### About this exercise
Leave out every picture, then transcribe the rest of the listing exactly.

### Supplied material

+ + + + +

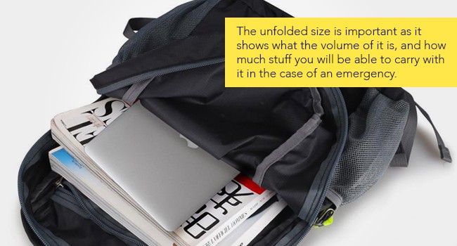 The unfolded size is important as it shows what the volume of it is, and how much stuff you will be able to carry with it in the case of an emergency.
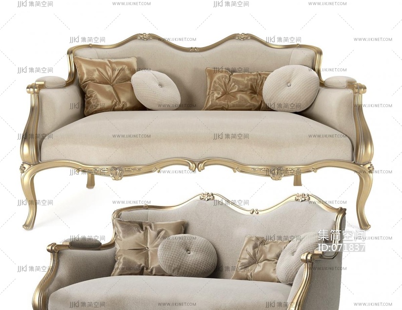 03-奶油中古沙发组合_沙发茶几组合_异形沙发_金属茶几_单人休闲椅_模块沙发3D模型3d模型下载
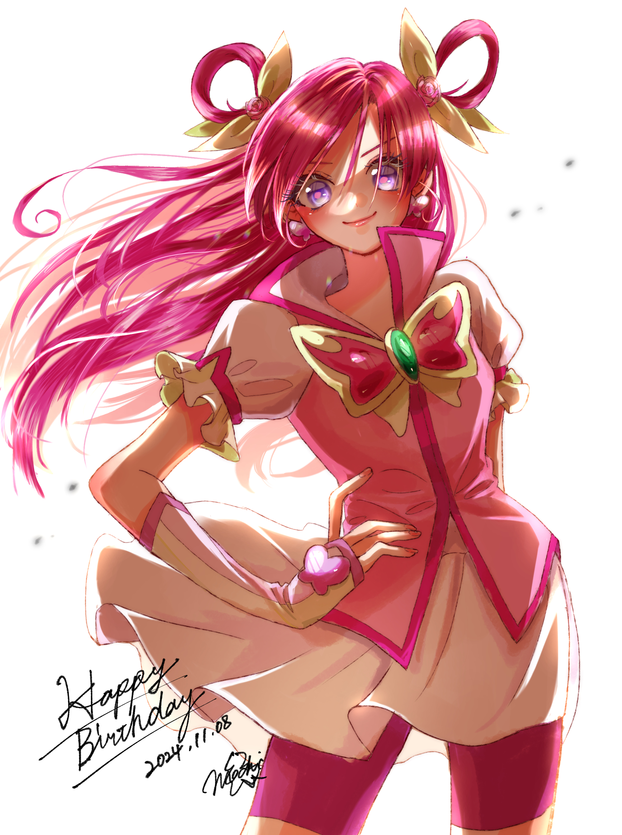 1girl absurdres bike_shorts bike_shorts_under_skirt blush brooch butterfly_brooch butterfly_earrings closed_mouth cure_dream dated dress earrings fingerless_gloves flower gloves hair_flower hair_ornament hair_ribbon hair_rings happy_birthday highres jewelry long_hair magical_girl matsuo_mochi pink_hair pink_shorts pink_vest precure puffy_short_sleeves puffy_sleeves purple_eyes ribbon short_sleeves shorts signature smile solo two-tone_gloves vest white_dress yellow_ribbon yes!_precure_5 yes!_precure_5_gogo! yumehara_nozomi

+ + + + +

### Task result
 The unfolded size is important as it shows what the volume of it is, and how much stuff you will be able to carry with it in the case of an emergency.
 03-奶油中古沙发组合_沙发茶几组合_异形沙发_金属茶几_单人休闲椅_模块沙发3D模型3d模型下载
 1girl absurdres bike_shorts bike_shorts_under_skirt blush brooch butterfly_brooch butterfly_earrings closed_mouth cure_dream dated dress earrings fingerless_gloves flower gloves hair_flower hair_ornament hair_ribbon hair_rings happy_birthday highres jewelry long_hair magical_girl matsuo_mochi pink_hair pink_shorts pink_vest precure puffy_short_sleeves puffy_sleeves purple_eyes ribbon short_sleeves shorts signature smile solo two-tone_gloves vest white_dress yellow_ribbon yes!_precure_5 yes!_precure_5_gogo! yumehara_nozomi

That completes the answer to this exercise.